A intensidade da torra e a granulometria da moagem também interferem na qualidade do café. Ou seja, se torrar mais ou menos e se o café for moído em partículas menores ou maiores, isso também vai refletir no sabor e no aroma. “Grãos de boa qualidade podem e devem ser submetidos à torra mais leve e à moagem mais grossas; a extração é menos intensa e, na xícara, o café é mais claro, ralo, quase um chá”, diz.
Normalmente, cafés de qualidade inferior são submetidos à torra intensa para camuflar defeitos. E daí para um café ruim é um passo. Outras falhas podem ocorrer ao fazer a bebida. “Há inúmeros métodos de preparo da infusão. O mais comum, é o percolado, aquele em que se acrescenta água à 90°C ao café torrado e moído; o uso de água em ebulição, à 100°C é um dos erros; adicionar açúcar à água ou, depois, ao café é outro erro. Entretanto, isso é cultural”, relata Guerreiro.
E o consumo muda de acordo com o país e a cultura. Os americanos consomem café de excelente qualidade, segundo o pesquisador. “Eles adotam torra leve e maior granulometria de moagem; a extração de solúveis com água quente dá origem a uma bebida clara, aromática e de ótimo sabor”, avalia. O consumo vem crescendo muito na China, país que se tornou, inclusive, cafeicultor. A Índia é um tradicional produtor e também vem experimentando pequeno aumento no consumo, mas sempre se destacou pela exportação do produto.

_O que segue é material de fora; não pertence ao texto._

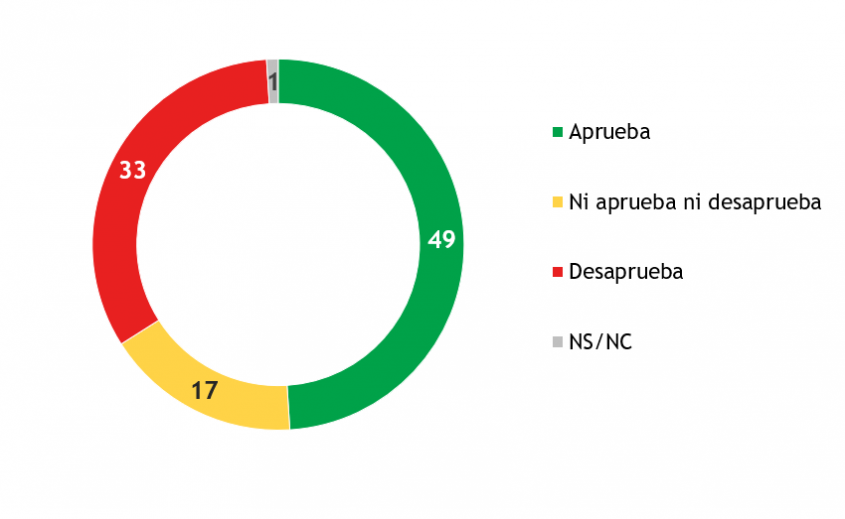 En comparación con la medición anterior, el mandatario creció de 45% a 49%, y disminuyó su desaprobación de 36% a 33%. Por lo tanto, el saldo neto de evaluación, que era de +9 al terminar el año pasado, crece a +16.

Uma curiosidade em relação à cor dos frutos do café arábica e do robusta: ambos têm frutos vermelhos e amarelos. “No entanto, se considerarmos somente as cultivares comerciais, isso acontece apenas com o arábica”, esclarece.
Outras espécies apresentam cores variadas: C. stenophyla e C. ebracteotala têm frutos quase pretos. A C. racemosa tem frutos de cor violeta; C. kapakata e C. congensis têm frutos de cor laranja; C. milotti tem frutos amarelos e as demais espécies têm frutos vermelhos. Essas são curiosidades apenas, porque o brasileiro só se refere à cor da bebida para identificar se prefere puro ou não. “Um café preto, por favor!”